WORK INSTRUCTION ▸ Although the entries contain pictures, your copy should hold only their exact text.

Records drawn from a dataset
<<<<

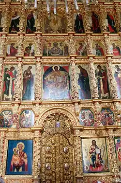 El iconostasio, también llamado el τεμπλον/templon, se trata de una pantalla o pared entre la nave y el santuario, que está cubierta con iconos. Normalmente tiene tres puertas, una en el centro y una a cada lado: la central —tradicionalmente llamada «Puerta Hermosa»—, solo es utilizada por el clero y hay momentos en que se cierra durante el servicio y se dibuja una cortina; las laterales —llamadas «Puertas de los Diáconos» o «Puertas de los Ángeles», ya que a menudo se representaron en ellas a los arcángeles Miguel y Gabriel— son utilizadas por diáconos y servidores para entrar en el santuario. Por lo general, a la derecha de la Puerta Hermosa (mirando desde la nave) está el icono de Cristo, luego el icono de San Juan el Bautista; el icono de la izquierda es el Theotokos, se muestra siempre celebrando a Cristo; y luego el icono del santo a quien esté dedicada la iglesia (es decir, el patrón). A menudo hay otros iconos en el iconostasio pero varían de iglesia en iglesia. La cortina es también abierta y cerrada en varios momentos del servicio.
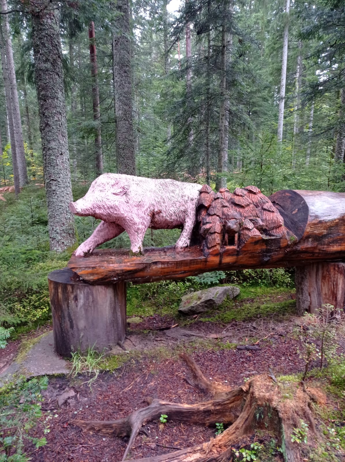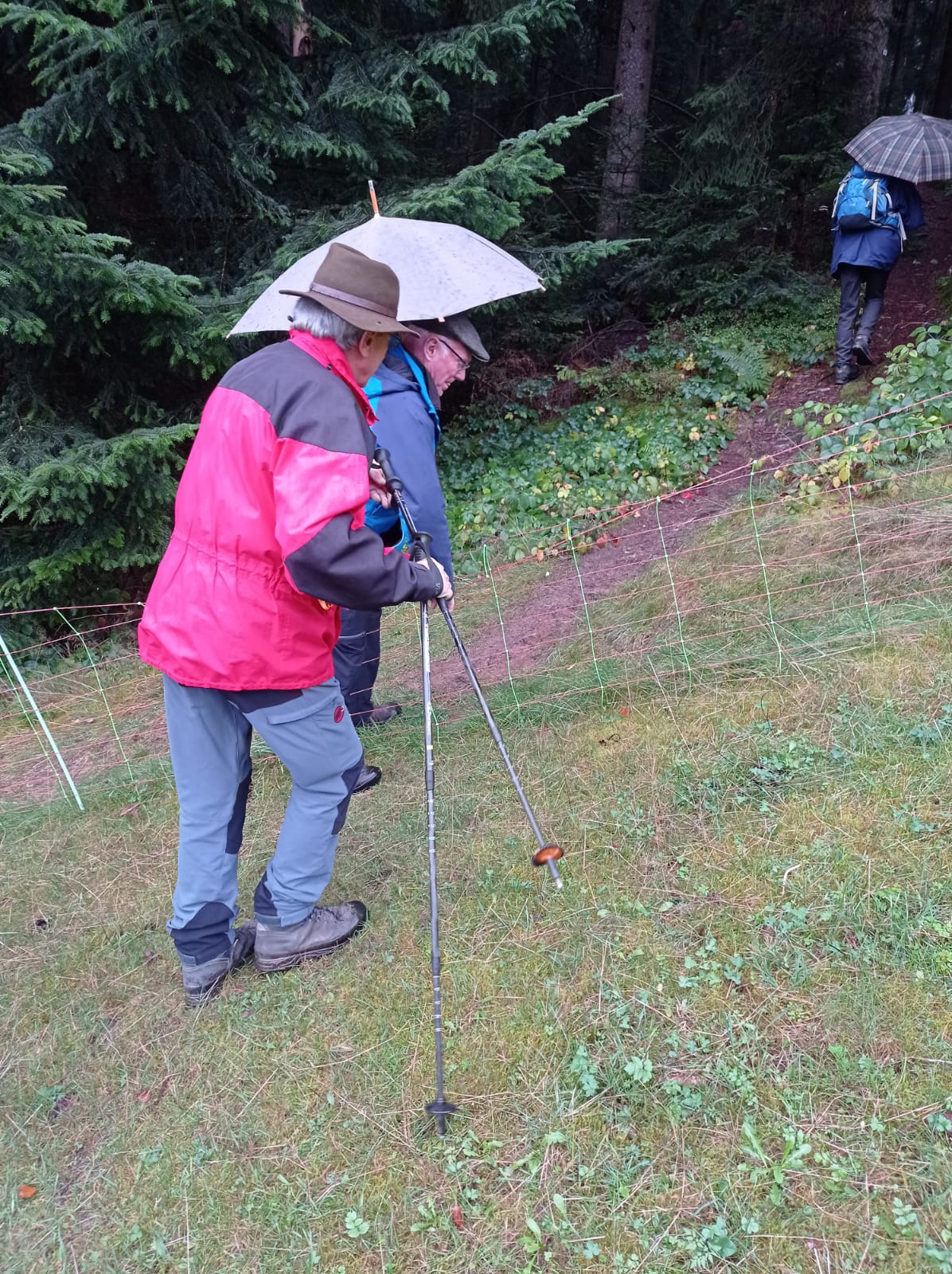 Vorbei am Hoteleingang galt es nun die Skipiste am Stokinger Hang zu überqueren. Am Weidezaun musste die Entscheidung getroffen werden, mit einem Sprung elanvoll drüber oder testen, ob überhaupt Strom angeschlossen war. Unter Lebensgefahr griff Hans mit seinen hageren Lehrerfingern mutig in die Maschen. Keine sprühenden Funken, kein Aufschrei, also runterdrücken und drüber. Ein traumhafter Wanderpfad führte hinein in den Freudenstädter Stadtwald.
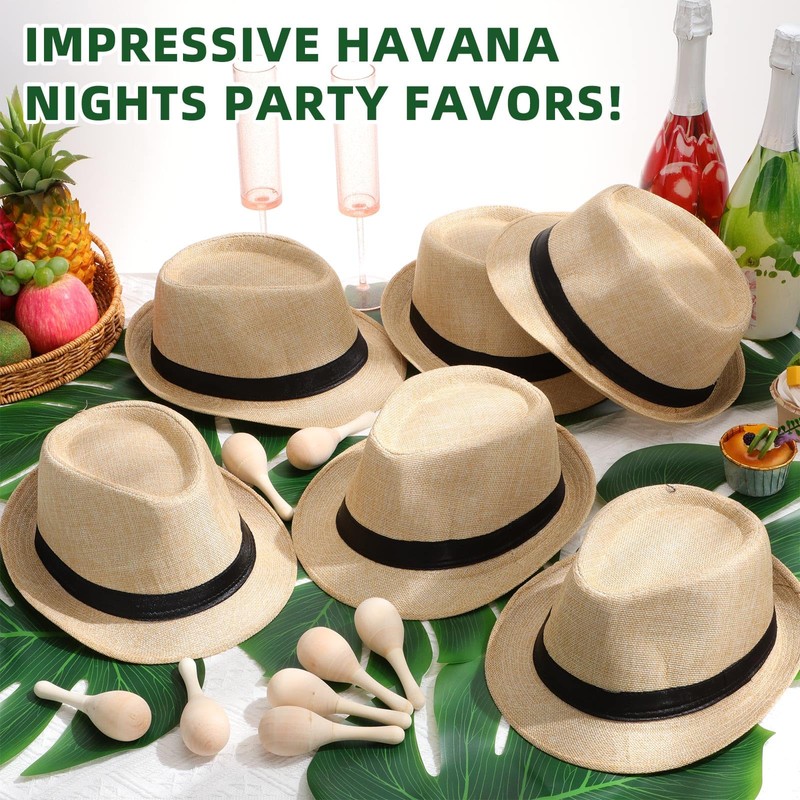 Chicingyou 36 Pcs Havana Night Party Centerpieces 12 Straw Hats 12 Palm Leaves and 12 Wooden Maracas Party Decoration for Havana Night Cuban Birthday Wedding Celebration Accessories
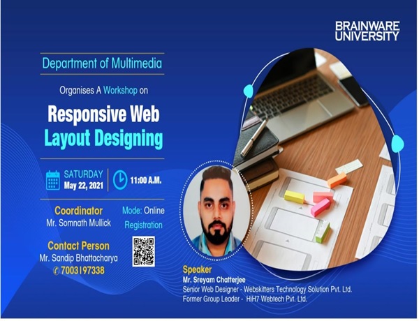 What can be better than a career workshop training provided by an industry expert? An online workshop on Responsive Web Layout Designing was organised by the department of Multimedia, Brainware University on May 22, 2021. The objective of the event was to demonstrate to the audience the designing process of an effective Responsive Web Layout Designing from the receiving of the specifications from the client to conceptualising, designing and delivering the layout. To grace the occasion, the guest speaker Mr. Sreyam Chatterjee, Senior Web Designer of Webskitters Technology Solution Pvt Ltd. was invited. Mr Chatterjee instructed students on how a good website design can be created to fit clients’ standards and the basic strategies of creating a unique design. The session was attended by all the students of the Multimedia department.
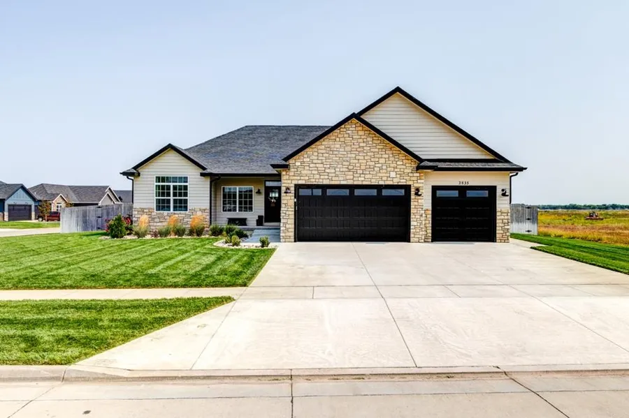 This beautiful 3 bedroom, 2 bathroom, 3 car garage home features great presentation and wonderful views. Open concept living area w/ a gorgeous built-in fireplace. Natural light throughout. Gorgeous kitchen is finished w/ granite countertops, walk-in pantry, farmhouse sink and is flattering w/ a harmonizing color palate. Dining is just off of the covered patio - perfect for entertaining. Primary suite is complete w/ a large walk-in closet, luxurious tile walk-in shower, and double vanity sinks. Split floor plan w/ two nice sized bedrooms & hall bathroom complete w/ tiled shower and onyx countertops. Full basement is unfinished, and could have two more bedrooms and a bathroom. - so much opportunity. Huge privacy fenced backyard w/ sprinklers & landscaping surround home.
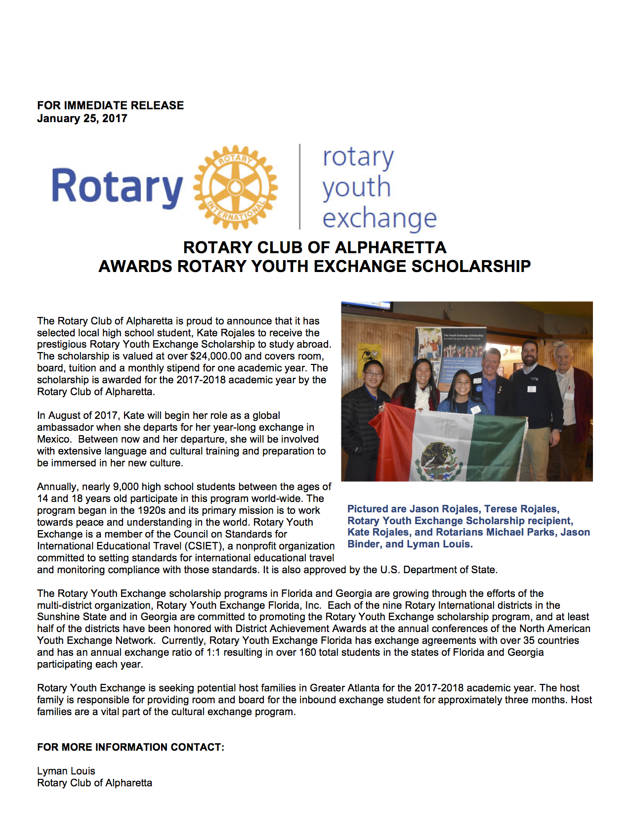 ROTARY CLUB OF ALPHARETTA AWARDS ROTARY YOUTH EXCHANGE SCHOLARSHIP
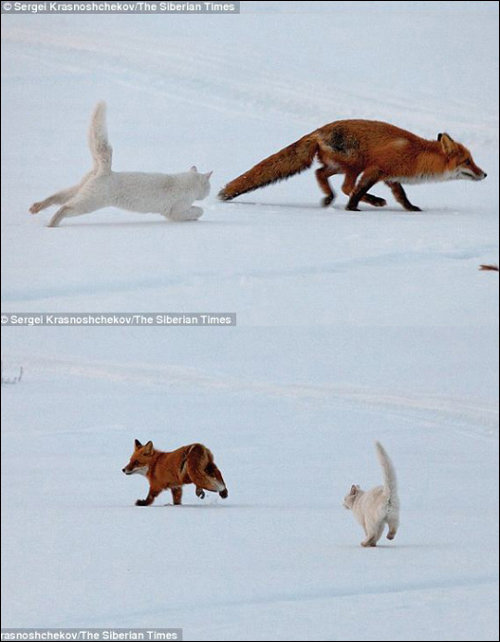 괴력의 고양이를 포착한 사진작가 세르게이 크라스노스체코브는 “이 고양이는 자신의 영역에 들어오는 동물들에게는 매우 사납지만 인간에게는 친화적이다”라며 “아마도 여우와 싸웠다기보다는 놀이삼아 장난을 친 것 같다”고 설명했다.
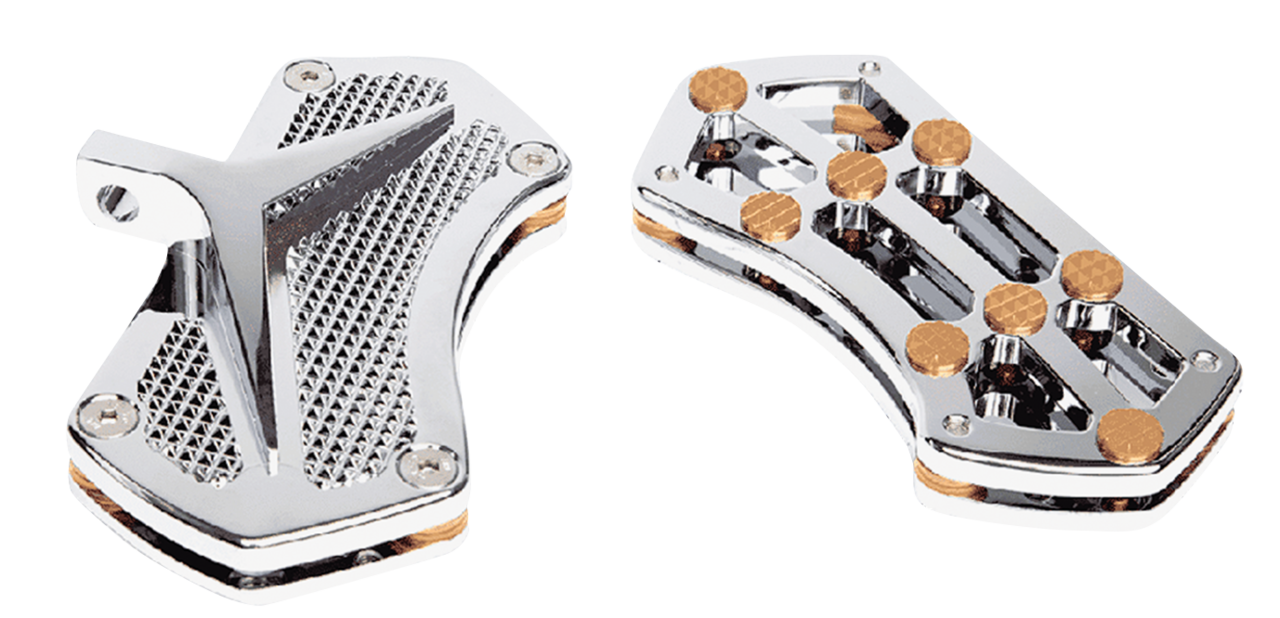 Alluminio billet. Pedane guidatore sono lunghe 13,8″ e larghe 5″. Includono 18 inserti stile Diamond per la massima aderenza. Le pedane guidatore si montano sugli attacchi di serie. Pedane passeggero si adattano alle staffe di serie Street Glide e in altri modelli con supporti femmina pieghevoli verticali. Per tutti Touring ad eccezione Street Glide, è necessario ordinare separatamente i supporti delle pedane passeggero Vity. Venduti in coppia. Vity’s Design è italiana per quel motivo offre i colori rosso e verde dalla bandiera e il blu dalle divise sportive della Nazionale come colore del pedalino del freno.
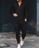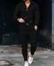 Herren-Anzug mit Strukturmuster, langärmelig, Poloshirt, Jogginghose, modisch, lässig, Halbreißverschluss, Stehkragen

>>>>

ANSWER TO THIS PROBLEM ▸
 El iconostasio, también llamado el τεμπλον/templon, se trata de una pantalla o pared entre la nave y el santuario, que está cubierta con iconos. Normalmente tiene tres puertas, una en el centro y una a cada lado: la central —tradicionalmente llamada «Puerta Hermosa»—, solo es utilizada por el clero y hay momentos en que se cierra durante el servicio y se dibuja una cortina; las laterales —llamadas «Puertas de los Diáconos» o «Puertas de los Ángeles», ya que a menudo se representaron en ellas a los arcángeles Miguel y Gabriel— son utilizadas por diáconos y servidores para entrar en el santuario. Por lo general, a la derecha de la Puerta Hermosa (mirando desde la nave) está el icono de Cristo, luego el icono de San Juan el Bautista; el icono de la izquierda es el Theotokos, se muestra siempre celebrando a Cristo; y luego el icono del santo a quien esté dedicada la iglesia (es decir, el patrón). A menudo hay otros iconos en el iconostasio pero varían de iglesia en iglesia. La cortina es también abierta y cerrada en varios momentos del servicio.
 Vorbei am Hoteleingang galt es nun die Skipiste am Stokinger Hang zu überqueren. Am Weidezaun musste die Entscheidung getroffen werden, mit einem Sprung elanvoll drüber oder testen, ob überhaupt Strom angeschlossen war. Unter Lebensgefahr griff Hans mit seinen hageren Lehrerfingern mutig in die Maschen. Keine sprühenden Funken, kein Aufschrei, also runterdrücken und drüber. Ein traumhafter Wanderpfad führte hinein in den Freudenstädter Stadtwald.
 Chicingyou 36 Pcs Havana Night Party Centerpieces 12 Straw Hats 12 Palm Leaves and 12 Wooden Maracas Party Decoration for Havana Night Cuban Birthday Wedding Celebration Accessories
 What can be better than a career workshop training provided by an industry expert? An online workshop on Responsive Web Layout Designing was organised by the department of Multimedia, Brainware University on May 22, 2021. The objective of the event was to demonstrate to the audience the designing process of an effective Responsive Web Layout Designing from the receiving of the specifications from the client to conceptualising, designing and delivering the layout. To grace the occasion, the guest speaker Mr. Sreyam Chatterjee, Senior Web Designer of Webskitters Technology Solution Pvt Ltd. was invited. Mr Chatterjee instructed students on how a good website design can be created to fit clients’ standards and the basic strategies of creating a unique design. The session was attended by all the students of the Multimedia department.
 This beautiful 3 bedroom, 2 bathroom, 3 car garage home features great presentation and wonderful views. Open concept living area w/ a gorgeous built-in fireplace. Natural light throughout. Gorgeous kitchen is finished w/ granite countertops, walk-in pantry, farmhouse sink and is flattering w/ a harmonizing color palate. Dining is just off of the covered patio - perfect for entertaining. Primary suite is complete w/ a large walk-in closet, luxurious tile walk-in shower, and double vanity sinks. Split floor plan w/ two nice sized bedrooms & hall bathroom complete w/ tiled shower and onyx countertops. Full basement is unfinished, and could have two more bedrooms and a bathroom. - so much opportunity. Huge privacy fenced backyard w/ sprinklers & landscaping surround home.
 ROTARY CLUB OF ALPHARETTA AWARDS ROTARY YOUTH EXCHANGE SCHOLARSHIP
 괴력의 고양이를 포착한 사진작가 세르게이 크라스노스체코브는 “이 고양이는 자신의 영역에 들어오는 동물들에게는 매우 사납지만 인간에게는 친화적이다”라며 “아마도 여우와 싸웠다기보다는 놀이삼아 장난을 친 것 같다”고 설명했다.
 Alluminio billet. Pedane guidatore sono lunghe 13,8″ e larghe 5″. Includono 18 inserti stile Diamond per la massima aderenza. Le pedane guidatore si montano sugli attacchi di serie. Pedane passeggero si adattano alle staffe di serie Street Glide e in altri modelli con supporti femmina pieghevoli verticali. Per tutti Touring ad eccezione Street Glide, è necessario ordinare separatamente i supporti delle pedane passeggero Vity. Venduti in coppia. Vity’s Design è italiana per quel motivo offre i colori rosso e verde dalla bandiera e il blu dalle divise sportive della Nazionale come colore del pedalino del freno.
 Herren-Anzug mit Strukturmuster, langärmelig, Poloshirt, Jogginghose, modisch, lässig, Halbreißverschluss, Stehkragen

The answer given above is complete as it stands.